O jornalista Leonardo Vieceli colabora com a colunista Marta Sfredo, titular deste espaço.
Considerado um dos pais do Plano Real, Gustavo Franco lamenta o fato de o país estar "demorando muito" para avançar na área econômica. Ex-presidente do Banco Central (BC), o economista conversou com a coluna em Porto Alegre, no fim de novembro, antes de seminário da Fundação Família Previdência. Na entrevista a seguir, avalia a condução da área econômica no governo Jair Bolsonaro e conta o que o fez recusar convite para o BNDES.
O senhor foi presidente do BC no governo Fernando Henrique Cardoso (FHC). Há alguma semelhança da época na área econômica com a gestão Bolsonaro?

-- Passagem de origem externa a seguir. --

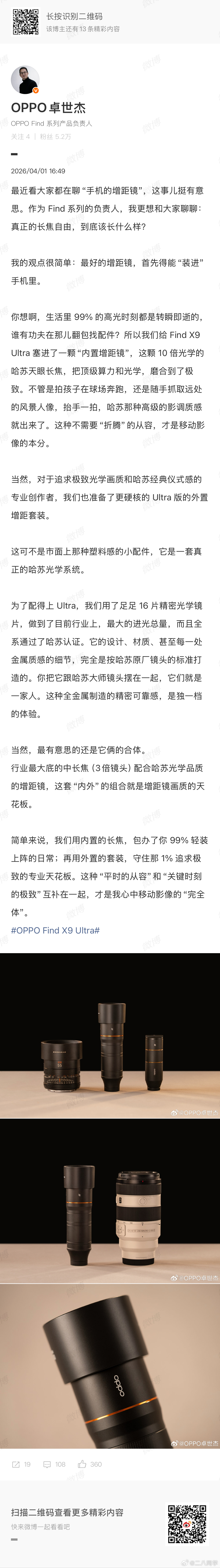 “OPPO FindX9Ultra内置的长焦,包办了你99% 轻装上阵的日常;再用外置的套装,守住那1%追求极致的专业天花板”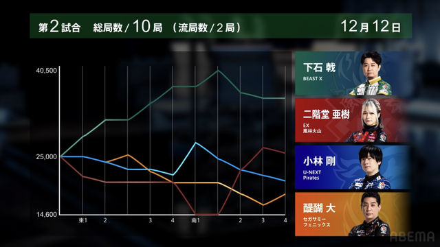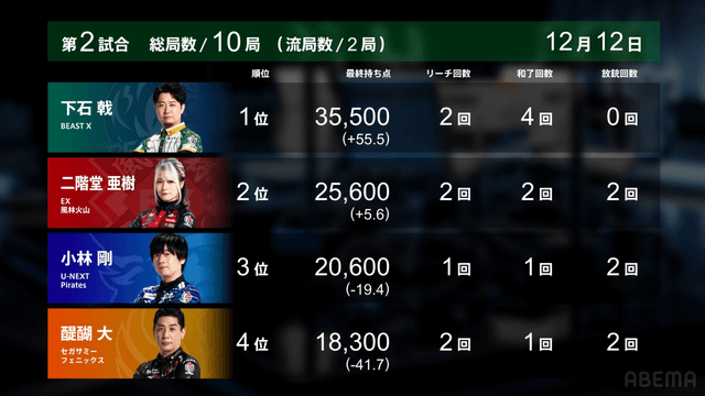 オーラスはラス目の醍醐のリーチに対して他家はオリに回り流局。下石が同日連勝のトップを獲得。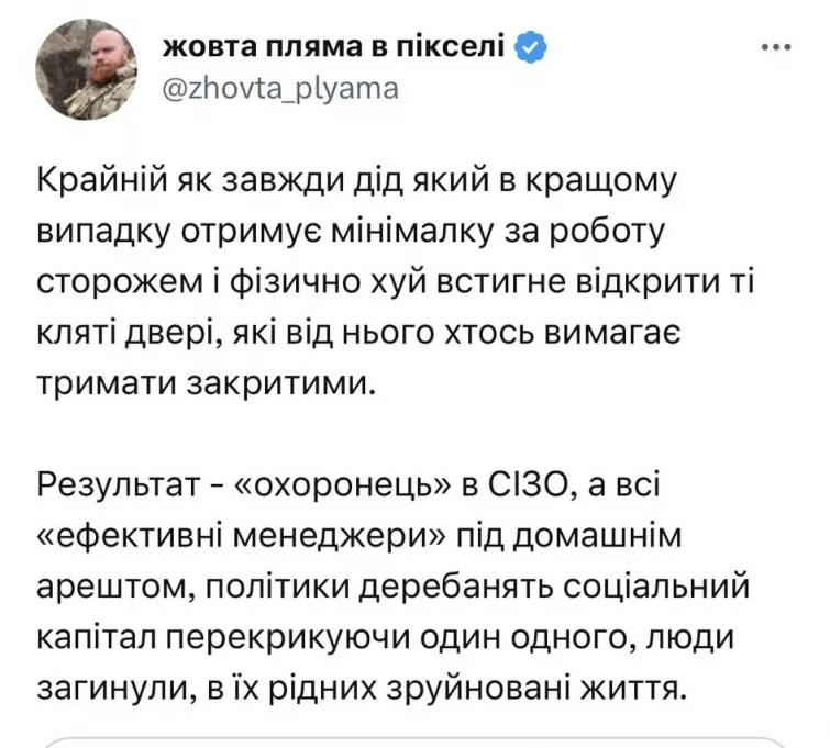 У Twitter військовий ТрО ЗСУ під назвою “жовта пляма в пікселі” написав: “Крайній як завжди дід який в кращому випадку отримує мінімалку за роботу сторожем і фізично х*й встигне відкрити ті кляті двері, які від нього хтось вимагає тримати закритими”.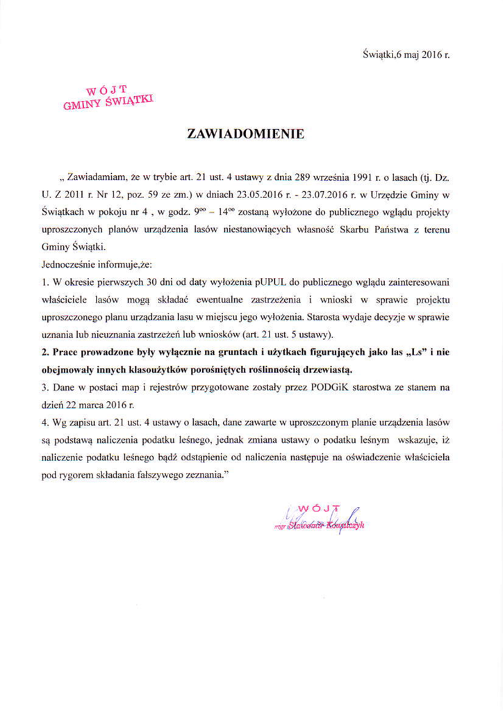 z m.) w ddrch 23.05.2016 r - 21.07.2016 r w Uzedzie Cminy s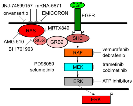 Dysregulation of the MAPK pathway plays a central role in a number of malignancies and therapeutic inhibition of oncogenic RAS is of great clinical importance. There has been a significant progress made in this area resulting in successful targeting of KRAS or downstream effectors in several cancer types, with multiple agents in clinical trials (Table 1). The trials listed in Table 1 are only a handful of selected studies chosen to be highlighted in this review. It is important to note that over 200 results exist when searching for clinical trials related to KRAS on Clinicaltrials.gov (accessed on 24 February 2021). A good number of these trials are recruiting and active as well are testing combinations between chemotherapeutics and other drugs that have been shown to attenuate KRAS mutant phenotypes in vitro. However, our understanding how KRAS inhibitory ligands selectively target protein conformation and how they interfere with the MAPK pathway is most likely still incomplete. In addition, we need to fully understand why acquired KRAS mutations are more prominent in certain cancer types. For example, KRAS mutations in lung cancer may be more frequent due to exposure to carcinogens, such as tobacco smoke. Overall, the close interaction between preclinical experimental approaches and theoretical approaches, including molecular dynamic simulation, will continue to play a key role in the treatment and the ultimate eradication of KRAS mutant tumors.

São dois momentos históricos completamente diferentes. Um elemento de comparação vale ser destacado: o relacionamento da pauta econômica com o presidente. Fiz parte de um governo em que o presidente tinha sido ministro da Fazenda. Ele trouxe para a Presidência os temas econômicos com os quais lidou quando ministro. Estavam organicamente ligados à prática da Presidência e ao projeto de governo. Não é o que temos hoje.
Por quê?
O presidente Bolsonaro não foi eleito a partir dos temas da economia. Isso não foi especialmente debatido durante a eleição. Não é algo polêmico que estou falando. Bolsonaro reconhece. O próprio presidente diz que a economia não é o assunto dele, que o ministro Paulo Guedes cuida disso. Não foi a economia que o elegeu. É uma diferença de prioridades nas duas gestões (FHC e a atual). São diferentes circunstâncias, com diferentes Congressos. Os desafios da economia também são diferentes. Vamos aguardar, torcer. Rezar um pouquinho também ajuda (risos).
Como avalia o trabalho da atual gestão do BC, comandada pelo presidente Roberto Campos Neto?

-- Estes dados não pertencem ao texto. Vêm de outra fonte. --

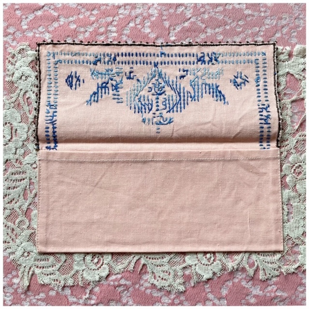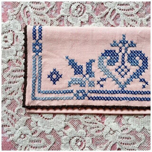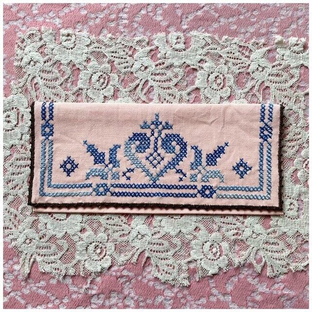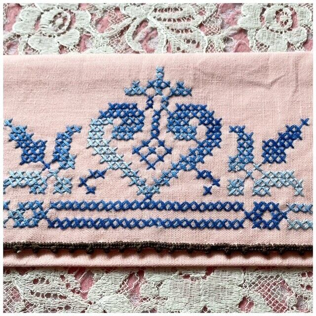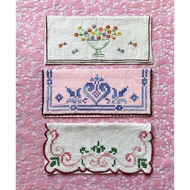 フランス買付 ヴィンテージ カトラリーケース 刺繍ポーチ クロスステッチ ♡ ハート サーモンピンク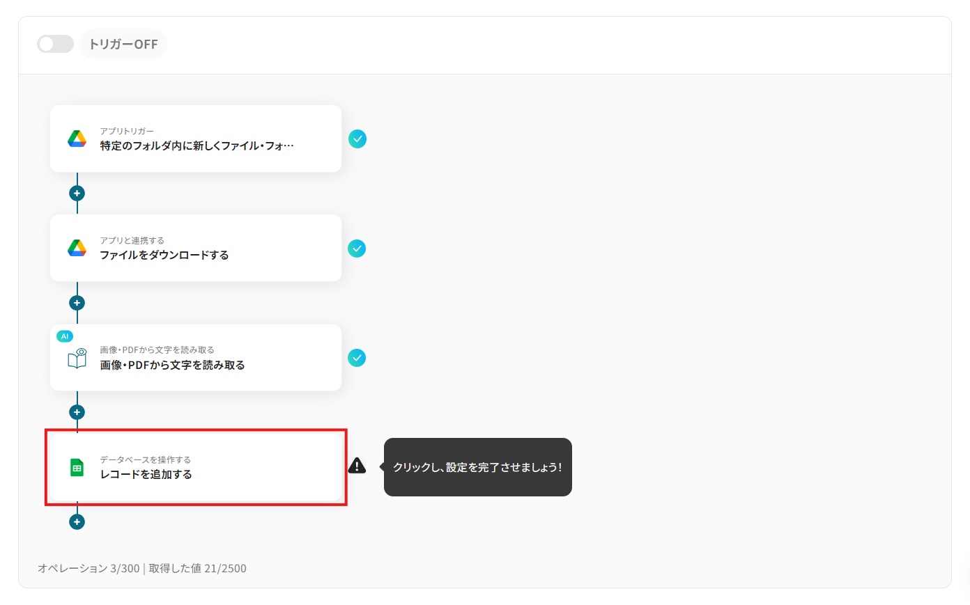 ステップ3:トリガーとなるGoogle Driveのフォルダ設定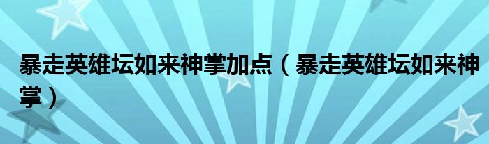 大家好,小晋来为大家解答以下问题,关于暴走英雄坛如来神掌加点,暴走英雄坛如来神掌很多人还不知道,今天让我们一起来看看吧!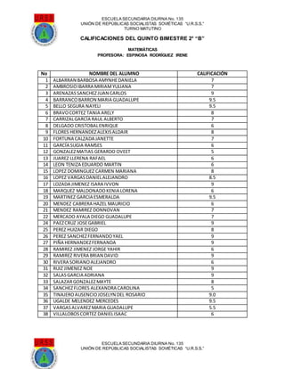 Este documento presenta las calificaciones del quinto bimestre de matemáticas de tres grupos (2° "A", 2° "B" y 2° "C") de la Escuela Secundaria Diurna No. 135 de la Unión de Repúblicas Socialistas Soviéticas. Se lista el nombre y calificación de cada estudiante, con calificaciones que van de 5 a 10. La profesora de matemáticas fue Irene Espinosa Rodríguez.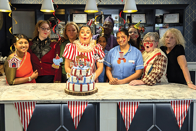 The wellbeing and hospitality teams transformed the home with a circus theme, encouraging everyone, including residents, to dress up for the occasion. Guests enjoyed a delicious buffet spread and admired an impressive circus-themed birthday cake that looked almost too good to cut.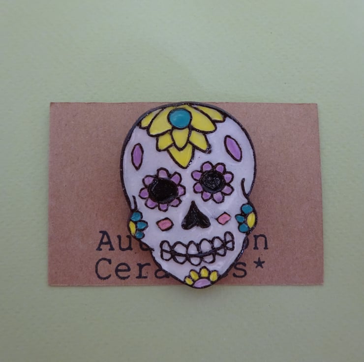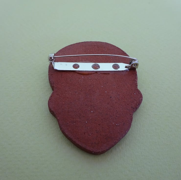 This brooch is handmade and designed by myself using a technique I have been developing. The clay is a dark chocolate terracotta with a white inlay that is then hand painted with under glaze. It has a clear glaze that make the colours more vibrant and rich.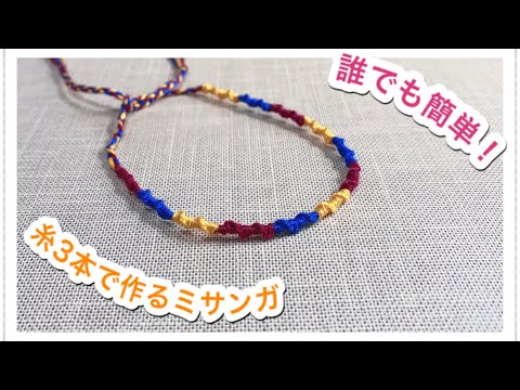 ミサンガ 糸3本でできる簡単ミサンガの作り方~初心者さんでも大丈夫!~ - YouTube。

A gestão é muito boa. Há continuidade na política monetária. Nenhum reparo a fazer. Está trabalhando muito bem.
Qual deve ser a prioridade do governo na economia em 2020?
As prioridades são conhecidas. É sempre um desafio a articulação entre o Planalto e o parlamento para utilizar melhor a energia política e a vontade de fazer. Essa arte é muito específica. Creio que o povo de Brasília sabe como fazer isso. O momento econômico é de transição profunda, de o Brasil achar novo local na economia internacional, de redefinição do papel do Estado e do setor privado. São transformações profundas. Estamos demorando muito tempo como sociedade para lidar com os desafios. É uma pena. Enquanto isso, a Ásia triplicou de tamanho. Estamos ficando para trás. É uma pena ver oportunidades perdidas, ver os meninos indo para o Exterior, sem voltar ao país. O Brasil sempre foi esperançoso em relação ao futuro. Não podemos perder essa mística.

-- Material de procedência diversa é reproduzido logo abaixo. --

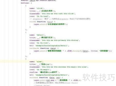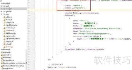 4、 修改按钮或在表格中添加新按钮,均需调整JS文件,在operate列中增加相应按钮即可。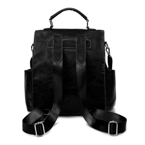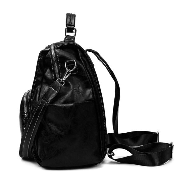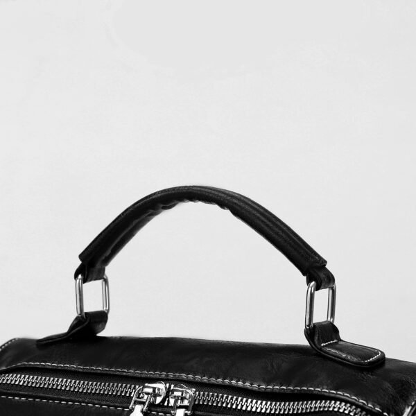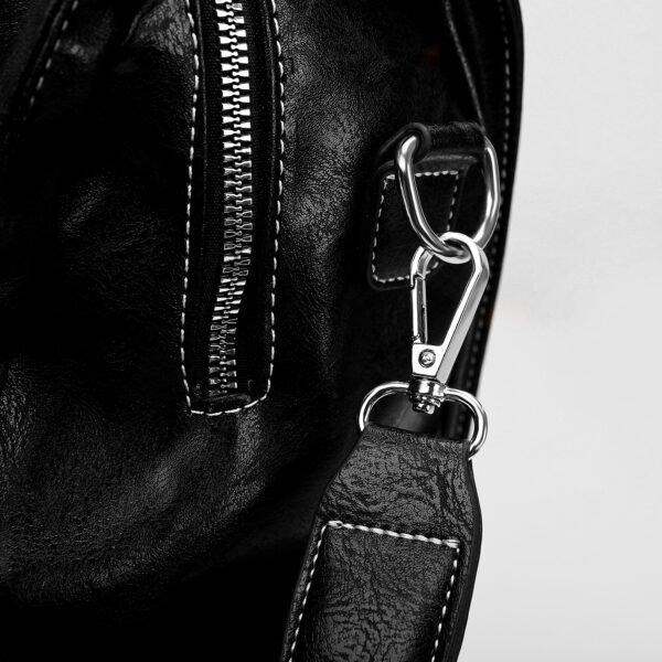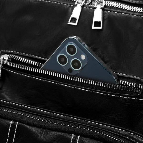 Fabricada en cuero PU de alta calidad, esta mochila Tokio negra ofrece una textura suave, resistente y fácil de limpiar. Su tono negro clásico combina con cualquier look, desde los más formales hasta los más casuales, adaptándose a cada ocasión con un toque de sofisticación.
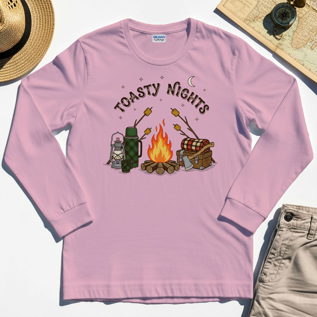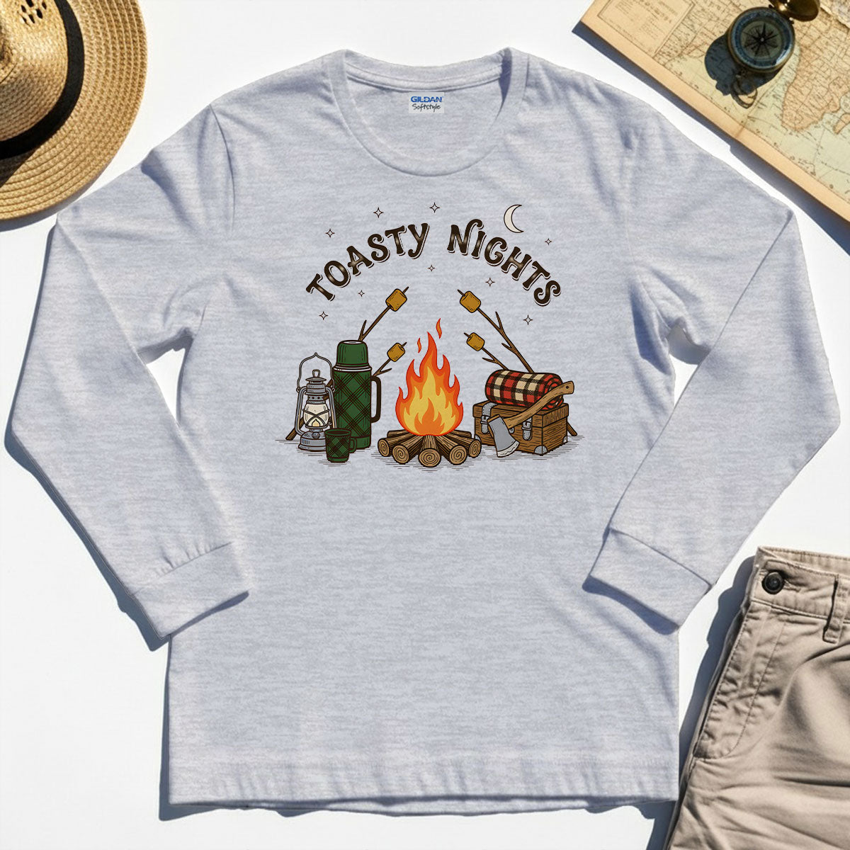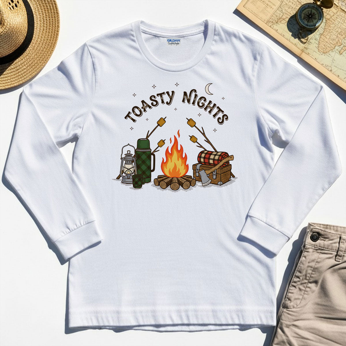 Campfire Marshmallow Roasting Graphic Long Sleeve For Campers & Outdoor Lovers

Em abril, no Fórum da Liberdade, em Porto Alegre, o secretário especial de Desestatização do governo federal, Salim Mattar, anunciou que o senhor seria o novo presidente do conselho de administração do BNDES. Por que a ida ao banco não se confirmou?
De fato, o secretário fez o anúncio naquela ocasião. Estávamos conversando sobre a possibilidade de um cargo no conselho do BNDES. Porém, houve objeções dentro do governo. Aí, o plano mudou um pouco. Preferi não entrar.